Early in the morning, the alarm ends our short night and we start walking through the darkness. At the hut we are finally able to start skinning and make our way to the Rifugio Casinei at 1800 m, where we get to see the long west facing traverse to the Brentei hut for the very first time. We are not amused at all, as the snow will be very soft in the afternoon and the slopes are still loaded. Moreover, finding the right track through the rocks seems to be anything but not easy and in the end we just realize that there might be a way easier ascent through the valley below. I still don’t get why all descriptions propose to do this crazy traverse instead of just walking on the valley floor. We decide to adjust our plan for the following day and go for a second attempt.​​​​​​​
We go to bed early and getting up is not a big deal: We are excited! A short breakfast and we set off. After one hour we reach a very steep section with some kind of a rock wall, but no reason to panic: The summer track is free of snow and we just hike up in running shoes. Afterwards the terrain flattens, and we can change the Salomons for ski boots and follow the skin track that leads us to a broad, 35° steep gully. We are driven by our curiosity for the Canalone Neri and cover ground rapidly. Then, we are finally able to see our objective – wow! This is amazing! The couloir is surrounded by 700-metre-high rock walls and looks gigantic. Three other alpinists, small as ants, who are already climbing up give scale to the scenery and outline the enormous distances: The slope is around 800 meters long and in average around 45°-50° steep. Absolutely incredible!

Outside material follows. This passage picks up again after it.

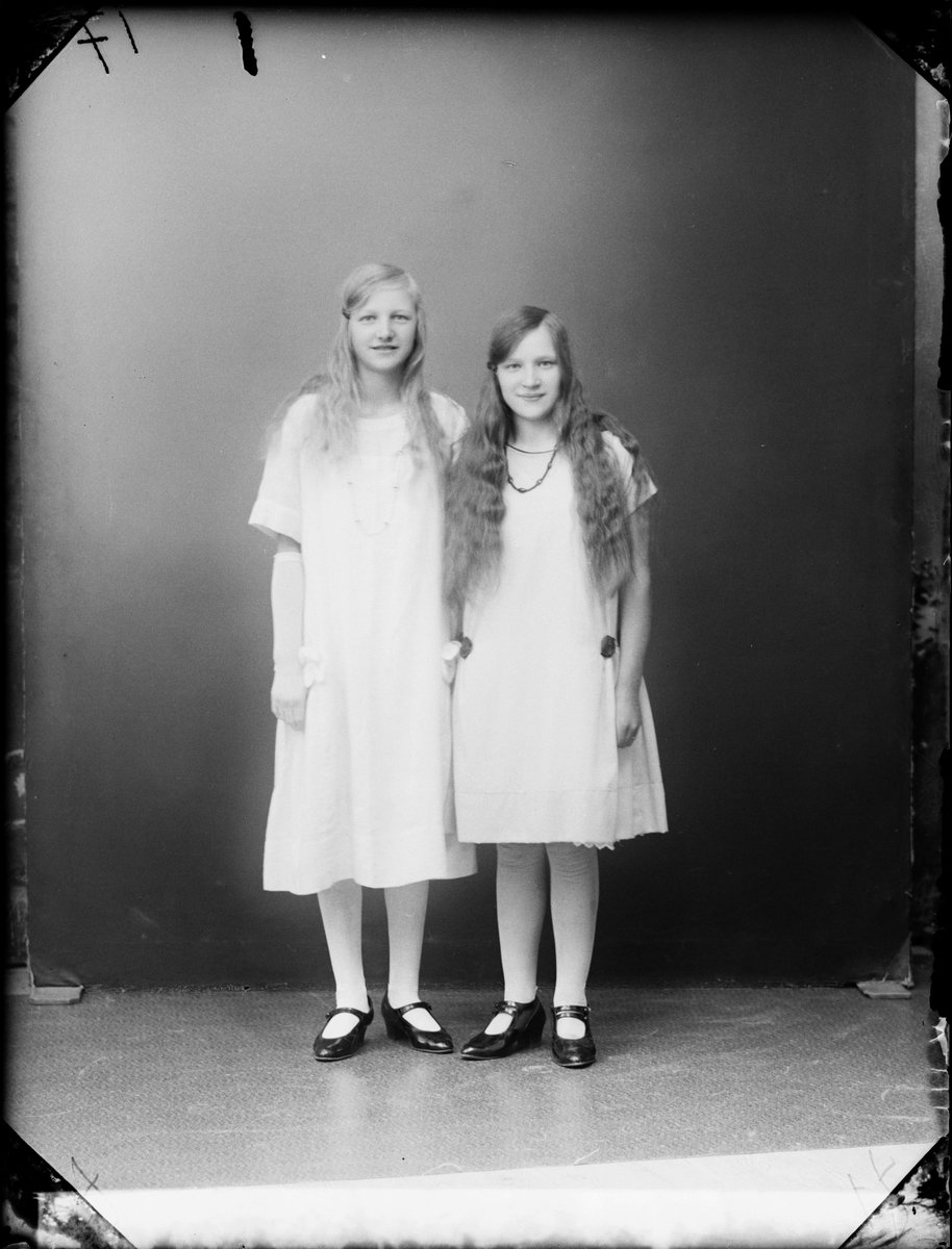 Ateljéporträtt - två flickor, Östhammar, Uppland

We are on fourth and fifth position in the couloir and there are about seven people following. To be honest I dislike being in such a steep terrain with a lot of other people as there are just a lot more hazards around. Falling rocks, sluff, etc… Today everybody pays attention, and we are all able to get up safely. Thank you guys!
Few meters into the gully we have to put our skis on the backpack and start climbing up by the use of crampons and ice axes. Step for step, meter for meter, we are gaining height. Luckily we do not have to break trail in the deep and soft snow and can safe some energy for the demanding descent. Suddenly, after two hours of monotonous “step, ice axe, step, ice axe, step, …” the terrain leans back and we reach the flat summit plateau. High five! Halfway done. We don’t spend too much time enjoying the beautiful view over the Brenta region and quickly prepare ourselves for the skiing as the next team is already reaching the summit.
We doublecheck our bindings, buckle up the boots and after a short “Watch out and enjoy the ride” I go for the first turns. As usual I take it easy at the beginning and check how the snow feels on skis. This definitely is serious terrain and you don’t want to lose control here. Even if there is no cliff in between or anything, a crash would probably end up 800 meters below at the exit.  Today I feel comfortable and speed up until I reach a good safe spot to the skiers left. Then it’s Kathi’s turn and I am in charge of taking pictures of her skiing down the steepest section of the slope.
A narrow section that seemed to be a bit more difficult during our ascent turns out to be relatively easy and then the slope opens up. The snow is incredible here and there are still huge patterns of untracked powder snow, so I fully switch into freeride mode. I am picking up more speed and rapidly loose height chasing down the couloir in big turns.
After the final section that is a bit harder and larded with chunks of ice and packed snow, we exit the Canalone Neri and ski into the sun. What an incredible ski adventure!
Feeling fulfilled and happy we ski back to our running shoes and walk down the forestry road to our car. So what is next? Let’s go south, take some days off at a lake and ride the mountain bike!